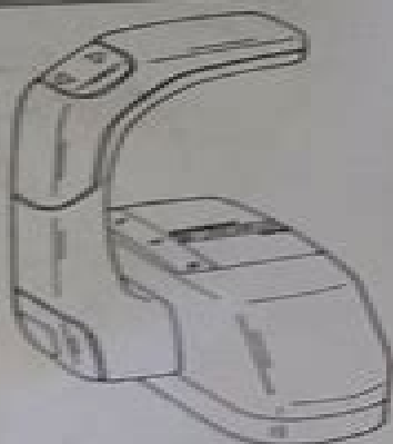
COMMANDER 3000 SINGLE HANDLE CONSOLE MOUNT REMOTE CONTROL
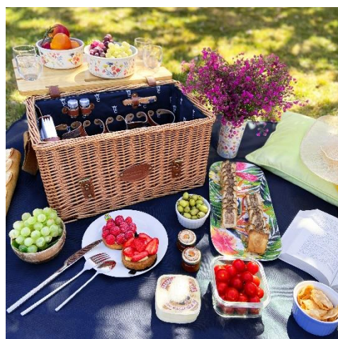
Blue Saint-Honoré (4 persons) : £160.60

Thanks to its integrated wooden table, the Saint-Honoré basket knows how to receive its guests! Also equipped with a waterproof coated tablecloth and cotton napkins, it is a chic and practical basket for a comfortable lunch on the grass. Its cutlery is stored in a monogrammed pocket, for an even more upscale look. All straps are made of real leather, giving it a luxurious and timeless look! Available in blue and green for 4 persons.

---

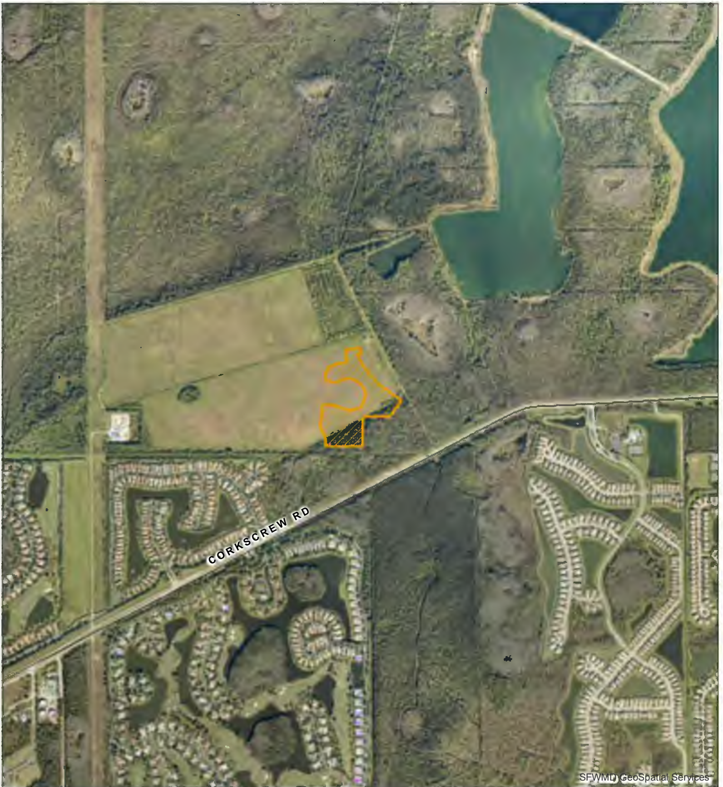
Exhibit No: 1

* * *

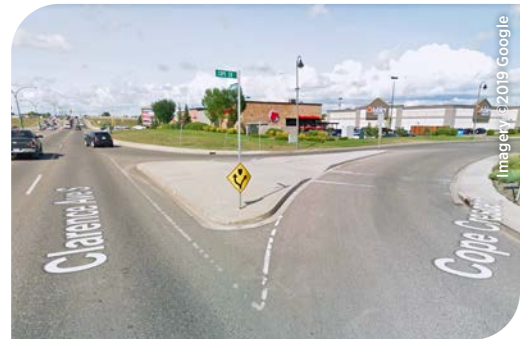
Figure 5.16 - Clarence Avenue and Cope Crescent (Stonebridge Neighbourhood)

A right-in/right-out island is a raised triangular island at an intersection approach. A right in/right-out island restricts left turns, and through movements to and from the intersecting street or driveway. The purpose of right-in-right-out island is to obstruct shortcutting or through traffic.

■ DESCRIPTION OF THE TASK: Look above for the line with "COMMANDER 3000 SINGLE" and the line with "Thanks to its". Give again exactly those two lines and all lines between them, pictures excluded.

■ SOLUTION:
COMMANDER 3000 SINGLE HANDLE CONSOLE MOUNT REMOTE CONTROL
Blue Saint-Honoré (4 persons) : £160.60

Thanks to its integrated wooden table, the Saint-Honoré basket knows how to receive its guests! Also equipped with a waterproof coated tablecloth and cotton napkins, it is a chic and practical basket for a comfortable lunch on the grass. Its cutlery is stored in a monogrammed pocket, for an even more upscale look. All straps are made of real leather, giving it a luxurious and timeless look! Available in blue and green for 4 persons.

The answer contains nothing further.